(Excerpts from a dataset)
....................

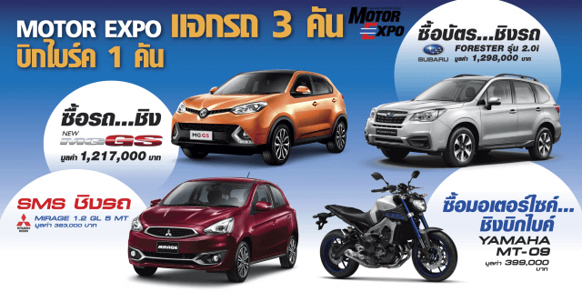 ผู้ชมงานที่จอง/ซื้อรถยนต์ในงาน จะได้สิทธิ์ชิงรถยนต์ เอมจี จีเอส 2.0 ที 2 ดับเบิลยูดี มูลค่า 1,217,000 บาท
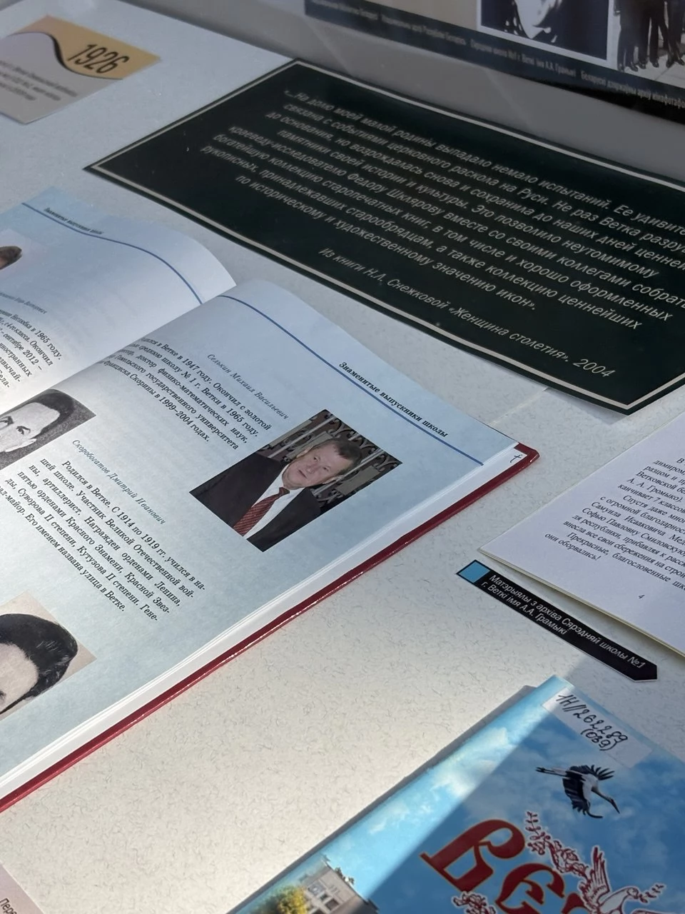 Среди экспонатов выставки – малоизвестные биографические материалы, уникальные фотографии, поздравительная телеграмма Главы государства от 25 апреля 2001 г., переписка с известными белорусами из школьного музея средней школы № 1 города Ветки имени А.А.Громыко, копии архивных документов из Национального архива Республики Беларусь, статьи и публикации из фонда Национальной библиотеки Беларуси.
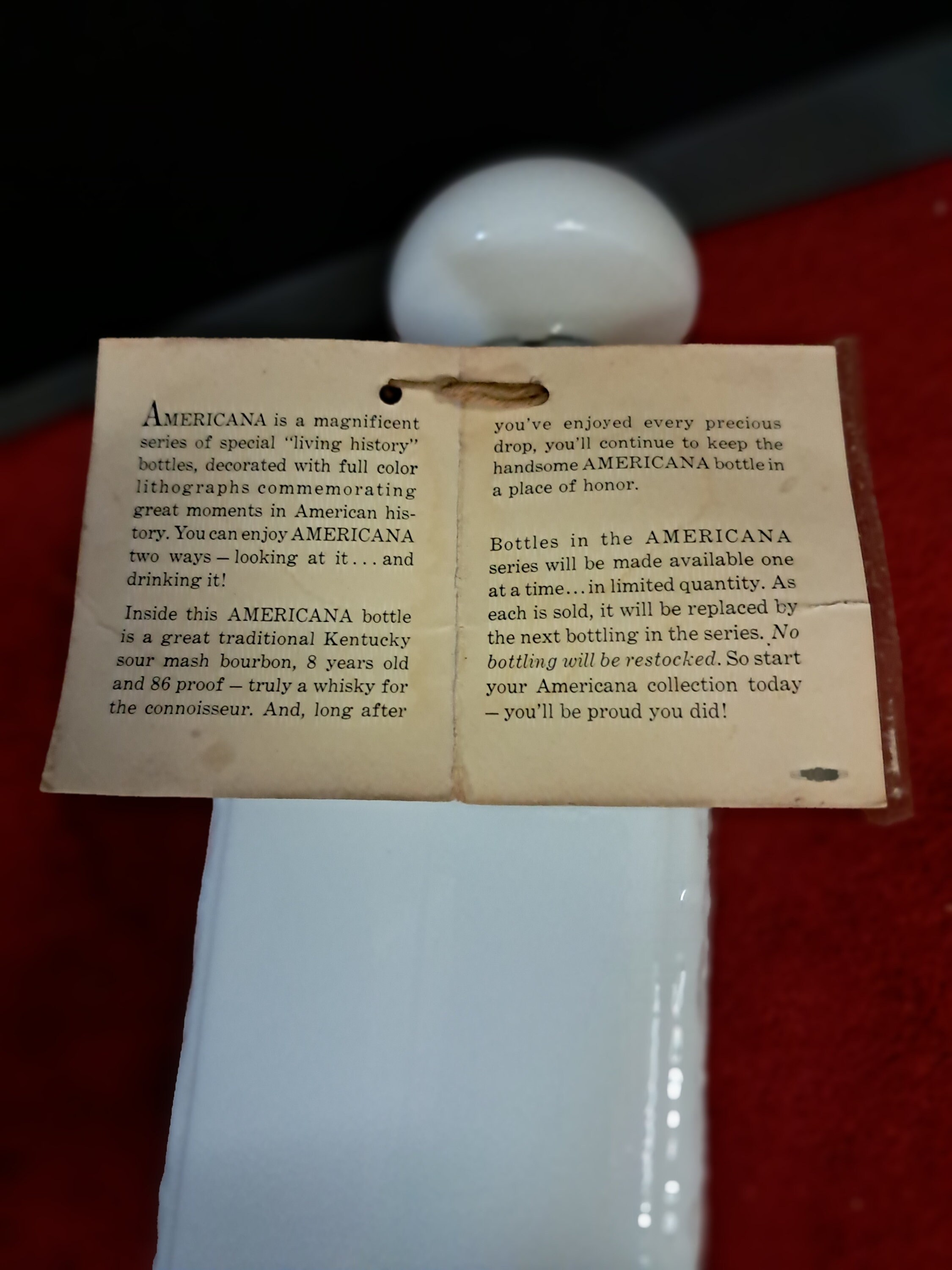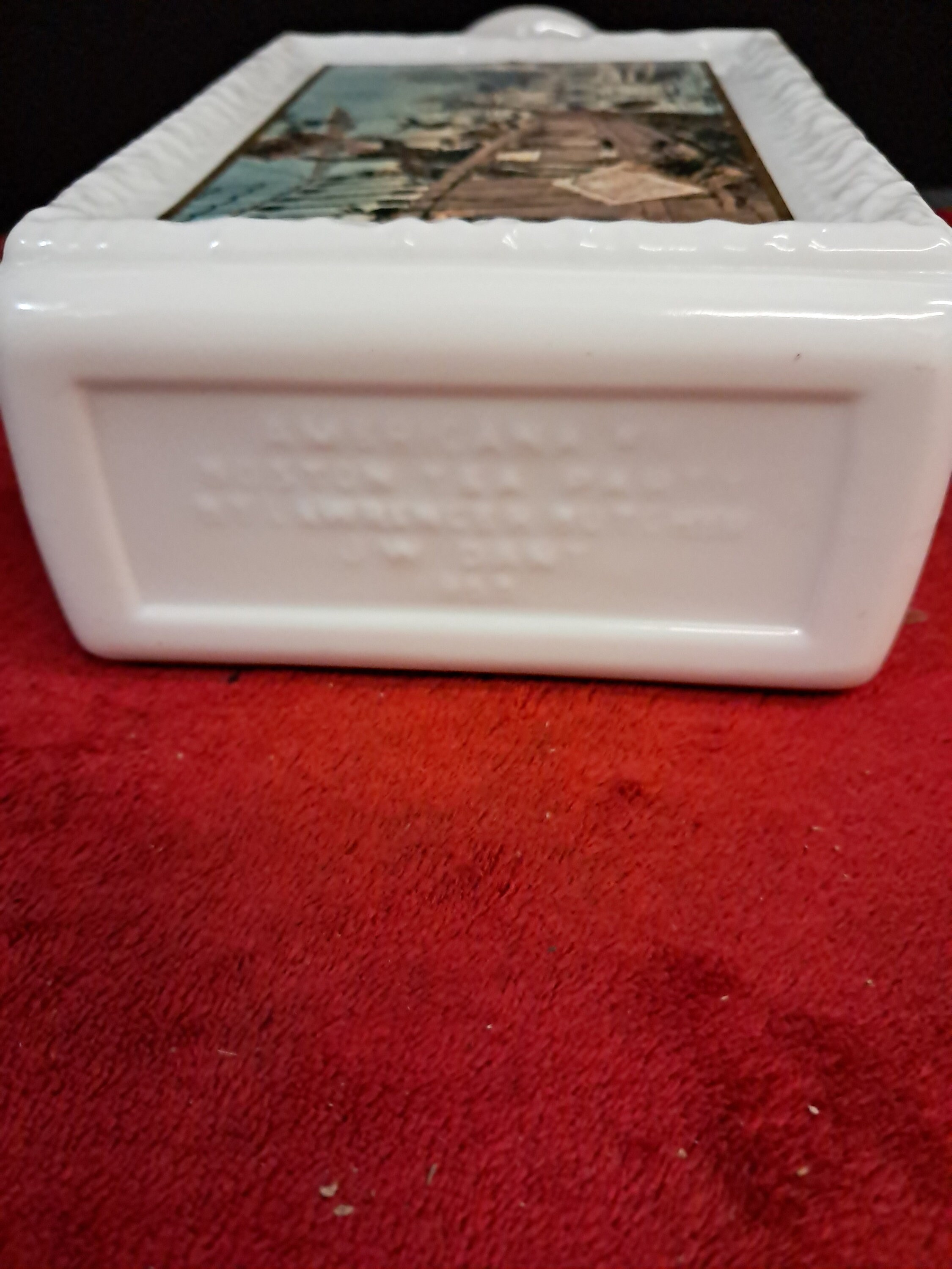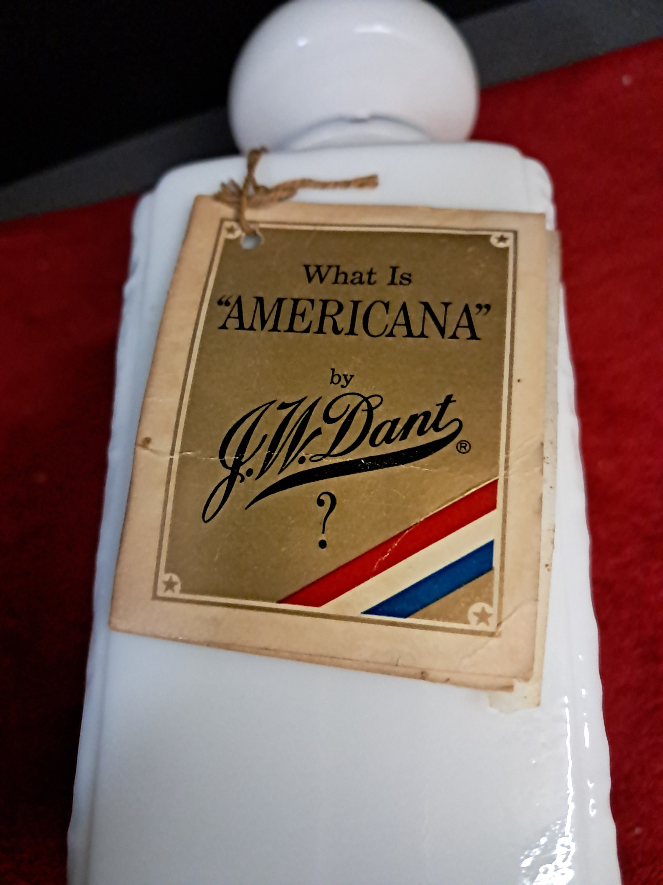 This JW Dant milk glass whiskey decanter is part of the 1968 Americana Collection with a design commemorating the Boston Tea Party. Crafted in a rectangular shape. Has original informational booklet attached.
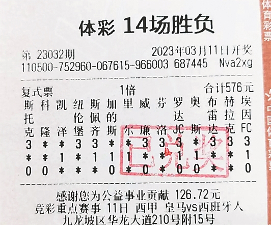 令陈先生和其他团队成员没想到的是,正是这一试,让他们仅仅在半个月后就凭借一张复式票成功拿下足彩14场胜负游戏第23032期1注一等奖和9注二等奖,收获总奖金176万余元。
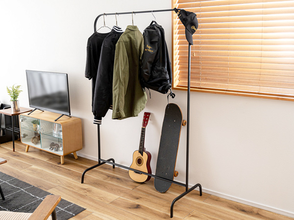 無骨でクールな印象を与えるこちらのハンガーラックは、収納を兼ねながら引き締まった黒がアクセントとなることで、インダストリアルスタイルのお部屋との相性バッチリのアイテムです。
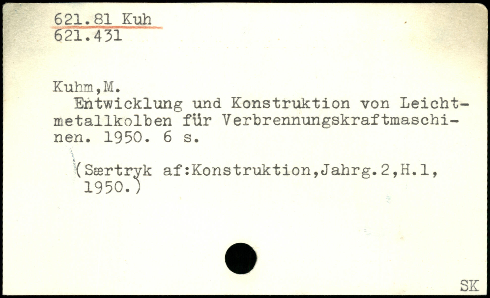 Entwicklung und Konstruktion von Leichtmetallkolben für Verbrennungskraftmaschi-nen. 1950.

....................

[Instructions to follow]:
Leave the pictures out and restate exactly the lines from the one that has "This JW Dant" through the final line of the entries above, both ends included.

[Answer for the task]:
 This JW Dant milk glass whiskey decanter is part of the 1968 Americana Collection with a design commemorating the Boston Tea Party. Crafted in a rectangular shape. Has original informational booklet attached.
 令陈先生和其他团队成员没想到的是,正是这一试,让他们仅仅在半个月后就凭借一张复式票成功拿下足彩14场胜负游戏第23032期1注一等奖和9注二等奖,收获总奖金176万余元。
 無骨でクールな印象を与えるこちらのハンガーラックは、収納を兼ねながら引き締まった黒がアクセントとなることで、インダストリアルスタイルのお部屋との相性バッチリのアイテムです。
 Entwicklung und Konstruktion von Leichtmetallkolben für Verbrennungskraftmaschi-nen. 1950.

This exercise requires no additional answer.